Incidentally, he was helped at this time by knowing Sir Samuel Hoare (now Lord Templewood), who was Home Secretary. Their acquaintanceship came through a common interest in figure skating, on which subject Ernest Jones has written an important book.
In Vienna, Freud, now aged 82, and unwell, had not attempted to move from his home when the Nazis arrived in that city. Jones flew out and engaged in lengthy negotiations to save the gentle old man and his family. He succeeded, and Freud, was able to re-establish a home in London, where he lived in peace until his death in 1939.
There was a story within a story of emigration. In 1926, Ernest Jones, impressed by Mrs. Melanie Klein’s original contributions to the psycho-analysis of children, had invited her to settle in London. The development of her findings had become the distinguishing characteristic of the British “School” of analysis. But as early as 1927 disagreements with the parent school in Vienna became evident. It was therefore clear that Dr. Jones, by bringing a number of Viennese analysts, including Freud’s brilliant daughter, Anna, to London, must risk strengthening he critics of the particular work that had been fostered here. It is much to his credit that he took this risk and succeeded in bringing about a working compromise; it shows a commendable tolerance on both sides that despite these disagreements, the British Psycho-analytical Society has successfully contained both schools of thought.

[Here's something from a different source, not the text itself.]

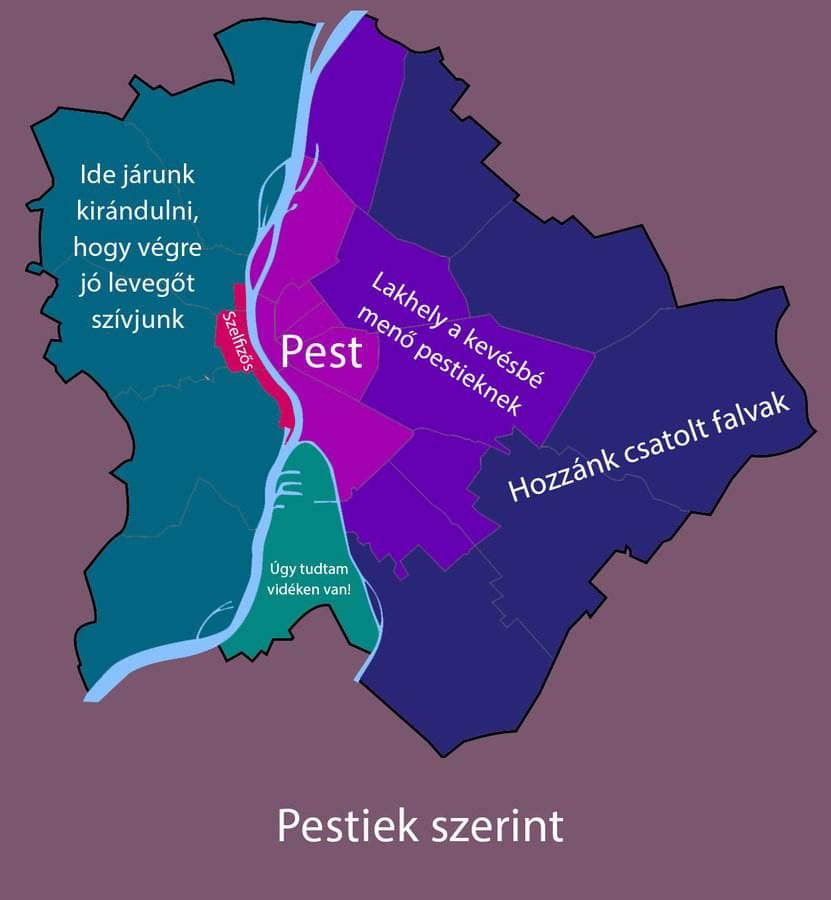 Szép „karriert fut be” az a bejegyzés a közösségi médiában, amelyik kevés szöveggel és könnyen befogadható, egyszerű ábrázolással mutatja meg – a hozzászólások alapján valóságot nem csupán nyomokban tartalmazó módon –, hogy Budapest különböző részeire hogyan tekintenek a budaiak, a pestiek, a vidékiek és a csepeliek.
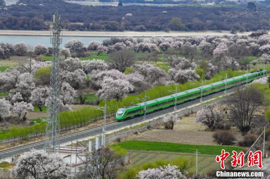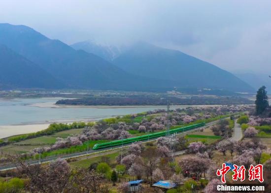 穿梭在桃花林中的拉林鐵路高原復興號。

At present, Dr. Jones is engaged in producing a three-volume biography of Freud; the first volume is about to appear and, it is said, this work is likely to be one of his best. Altogether, he has published over two hundred essays and many books, showing a wide application of the intellectual discipline that he has now studied for half a century. In the course of editing the International Journal of his science for over twenty years, he has acquired a knowledge, mastered and retained with a scholarly precision, that it would be hard to equal. He has, also, a wide range of other interests and pleasures, including keeping up an acquaintance with developments in other branches of science, and indulging his love of theatre, literature, nature, sports and, above all, his family life.
One reason why the ordinary person tends to be indiscriminately suspicious of all practitioners in the field of mental health is that he suspects the practitioner will not only look into thoughts he instinctively hides, but also that he will look down at him or condensed. It is therefore pleasant to notice both modesty and doubt in Dr. Jones’s valedictory address to his Society when resigning its presidency. “To achieve anything like complete freedom and inner harmony by means of psycho-analysis is even harder than we sometimes think,” he said, and went on to mention the possibility of an “innate factor” not yet elucidated.
Complete freedom and inner harmony! It shows a noble, generous and sensible view of man, and of the thoughts and emotions of man, by which to have guided a life of continuous intellectual endeavour.